That’s what a federal judge ruled Thursday in dismissing the case of a New Mexico citizen who sued Sens. Mitch McConnell (R-Ky.) and Chuck Grassley (R-Iowa) over their refusal to hold a floor vote for Merrick Garland, President Barack Obama’s choice to sit on the high court.
Garland has been twiddling his thumbs for eight months waiting for Senate action. In July, he broke the record as the nominee who has waited the longest in history for confirmation.
The plaintiff, a lawyer from Santa Fe, New Mexico, alleged that the two Republican senators ― who hold leadership positions and have direct control over whether Garland gets a confirmation vote ― had robbed him of his constitutional right to Senate representation.
This is where the argument gets interesting. It turns out New Mexico’s two senators, Tom Udall and Martin Heinrich ― both Democrats ― have met with Garland, and heartily support his nomination to fill the seat of the late Justice Antonin Scalia.
But both McConnell and Grassley haven’t lifted a finger to move the Garland confirmation, which the lawyer who brought the case, Steven Michel, said violated his Seventeenth Amendment right “to elect his senators by depriving his home-state senators of a voice in the Senate.”
No dice. U.S. District Judge Rudolph Contreras in Washington ruled that Michel had no legal right to sue the top Senate Republicans because the injury he claimed was too generalized and would require the judicial branch to resolve a problem best left to the political process.
Quoting from earlier precedent, Contreras said it “would be unwise to permit the federal courts to become a higher legislature where a congressman who has failed to persuade his colleagues can always renew the battle.”

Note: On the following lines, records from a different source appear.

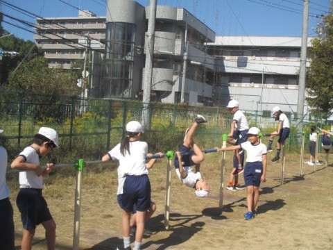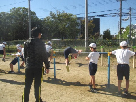 4年 学習のようす 1 公開日 2025/10/23 更新日 2025/10/23 4年生 10月23日(木)1組の体育です。鉄棒「足かけ回り」の技に取り組んでいます。そのあと,3年4組のリレーを観戦し,応援をしていました。 +6
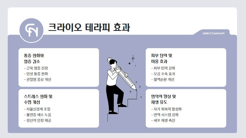 "전신 냉각 요법"은 근육의 염증을 빠르게 진정시켜 운동 후 회복에 도움을 줍니다. 특히 만성 통증이나 관절염 환자들에게 유의미한 효과가 있다는 연구 결과도 있습니다.
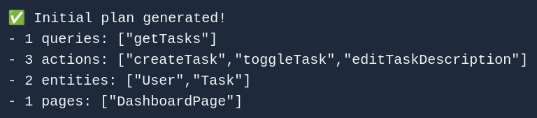 Once given an app description and title, the code agent first generates a Plan: it is a list of Entities, Operations (Queries and Actions), and Pages that comprise the app. So kind of like an initial draft of the app. It doesn’t generate the code yet → instead, it comes up with their names and some other details, including a short description of what they should behave like.
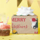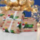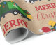 En söt illustration av julåtervinningen i sopor lastbil med en julhatt och dekorerad i julklapp ljus med ord "God jul" och kraftbrunt papper synbakgrund. En perfekt julomslutning papper för sopor lastbil entusiaster stora eller små, flickor eller pojkar.
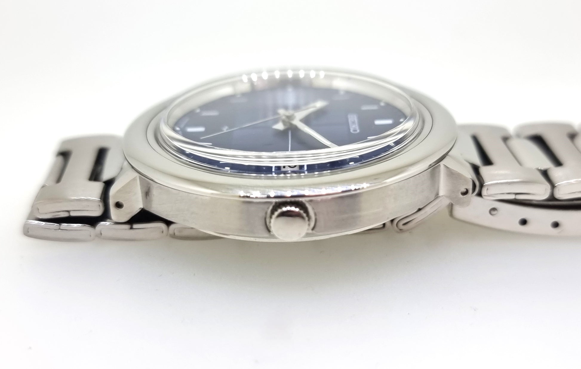 It has been fully serviced by our inhouse Seiko-trained watchmaker and is in full running condition. The curved bracelet end-piece at 12 o'clock is not original. A replacement has been fitted but it is slightly narrower than the original.Â
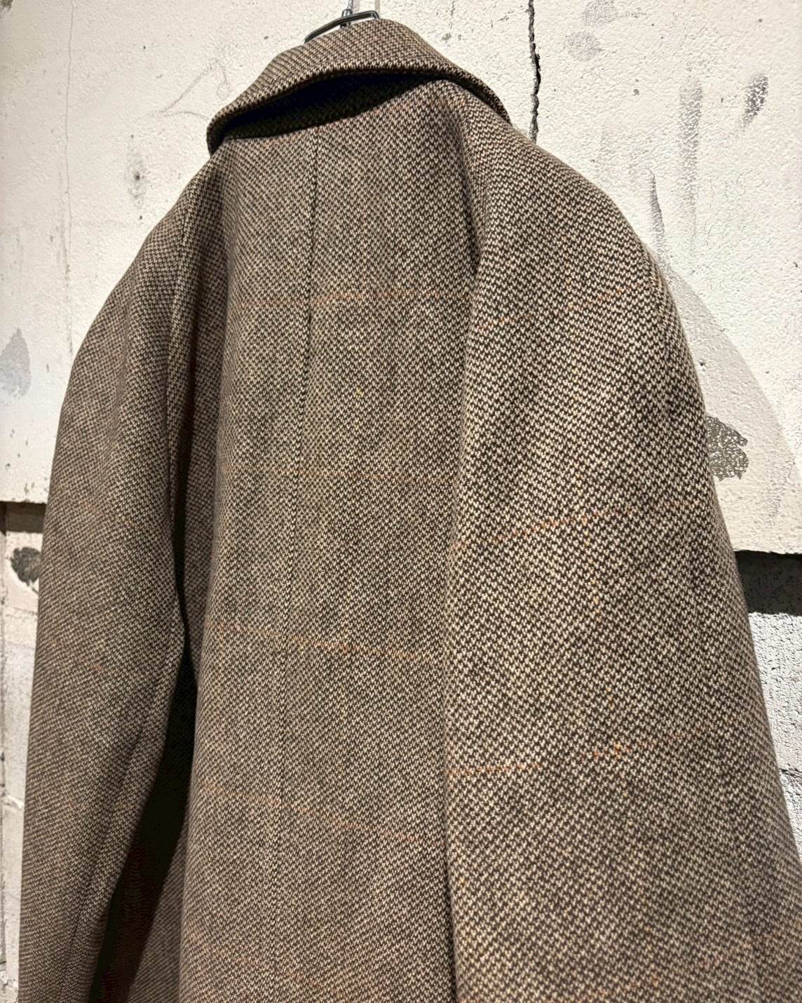 近づくと分かる細かな織り柄が美しく、ブラウン、ベージュを基調にほんの少し混ざるオレンジがツイードの豊かな表情を引き出し、無地では出せない奥行きをプラス。スコティッシュツイードならではの深みのある生地が堪りません、、、

The judge added that allowing this kind of case to move forward would open the door to “suits from all citizens who feel that their representatives have been treated unfairly by the legislative process.”
I think there is a strong case that the Constitution does not allow the Senate to just ignore a Supreme Court nominee. Steven Michel
This kind of case, in other words, is not allowed by the Constitution’s limits on judicial authority to hear cases. (The Supreme Court last month declined a similar long-shot bid to get the Senate to act on Garland.)
Reached for comment about the ruling, Michel, who practices environmental law in New Mexico and represented himself in this case, told The Huffington Post he hadn’t yet decided whether to appeal ― in part because there’s so little time left in the Senate’s current session.
But he said he’d have a better shot if Contreras hadn’t thrown out the case on procedural grounds.
“If this case were decided on the merits, I think there is a strong case that the Constitution does not allow the Senate to just ignore a Supreme Court nominee,” Michel said in an email.
The legal reality is much harsher: The Constitution says nothing about an affirmative Senate duty to act on any nominee from the president. It leaves it up to them to fight it out.